(Bettmann / Contributor)

Vol 7No 4Winter

The Sixties’ Lost Promise

Historian Ellen Schrecker’s new book, The Lost Promise: American Universities in the 1960s, tells the story of how the US system of mass higher education took shape and then fell out of favor with the public as political events, above all the Vietnam War, pulled it apart from within — all in the span of a decade. The “promise” of her title refers to the idea that universal higher education was within reach, and that it would midwife “a more egalitarian society that would challenge the racial and gender intolerance and inequality that had for so long impeded human progress.” This vision obviously did not come to pass — in no small part, she argues, because the response of left-wing faculty and students to the Vietnam War damaged the university at its most prestigious moment. Weakened by the Left, it was eventually “hollowed out and assaulted by the right-wing enemies of liberal culture, and it never recovered” — a tragic fate that mirrors the dwindling fortunes of the New Deal order more generally, given the university’s status as “the quintessential liberal institution during the heyday of American liberalism.”
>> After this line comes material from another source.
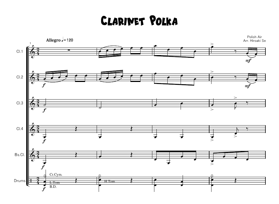 編成はクラリネット4本、バスクラリネットに加えてドラムセット(省略可)です。
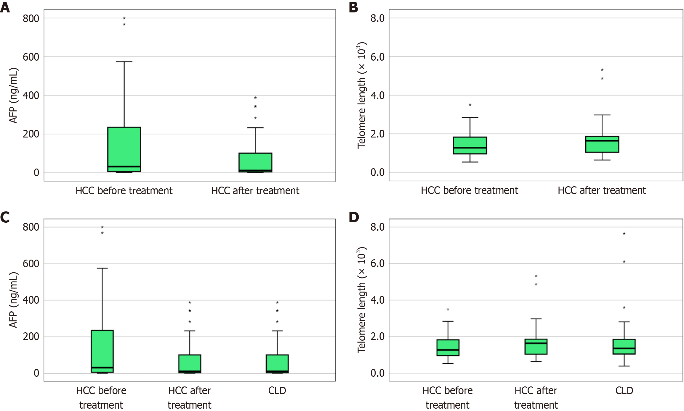 A: Alpha fetoprotein (AFP) before and after treatment in the hepatocellular carcinoma (HCC) group; B: Telomere length before and after treatment in the HCC group; C: AFP before and after treatment in the HCC and chronic liver disease (CLD) groups; D: Telomere length before and after treatment in the HCC and CLD groups. AFP: Alpha fetoprotein; HCC: Hepatocellular carcinoma; CLD: Chronic liver disease. Asterisks represent the dataset outliers.

Schrecker narrates this story in impressive detail. Her subjects are not only students (the typical focus of studies of the university in the 1960s) but the overall “academic community,” a broad category that primarily includes faculty, along with administrators and staff. With more than 130 pages of notes, she has conducted a tremendous amount of research, visiting numerous archives, conducting dozens of oral history interviews, and occasionally contributing her own anecdotes. The result is a rich and highly readable book that sheds new light on familiar moments like the Berkeley Free Speech Movement, the Vietnam War teach-ins, and the Columbia student strike, weaving them into an original narrative about the American university and the 1960s that is certain to interest nonspecialists.

This is also very much a book about the history of the Left. Schrecker — a veteran historian of McCarthyism, higher education, and academic freedom — traces the development of an intimate and complex relationship between the Left and the university in the course of the 1960s, showing that while radicals criticized the liberal university’s role in perpetuating many injustices, they also made the college campus their home base. Nothing about this was inevitable. For much of its history, the American left had regarded the university, an unabashedly elite institution, with skepticism. In the early decades of the twentieth century, Thorstein Veblen, Upton Sinclair, Jerome Davis, and other critics portrayed the university as a bulwark of conservatism, subservient to corporate and military interests and committed to stifling independent thought.1 The silencing of antiwar professors during World War I and the assault on leftists during the long Second Red Scare (which began as early as the late 1930s) only confirmed these charges. Certainly, in the quiet years of the 1950s, it would have seemed strange to imagine the American college campus transforming into a seedbed of left-wing activism and thinking. And yet that is exactly what happened. By the end of the 1960s, the Left established itself in the university, where, by and large, it has remained ever since.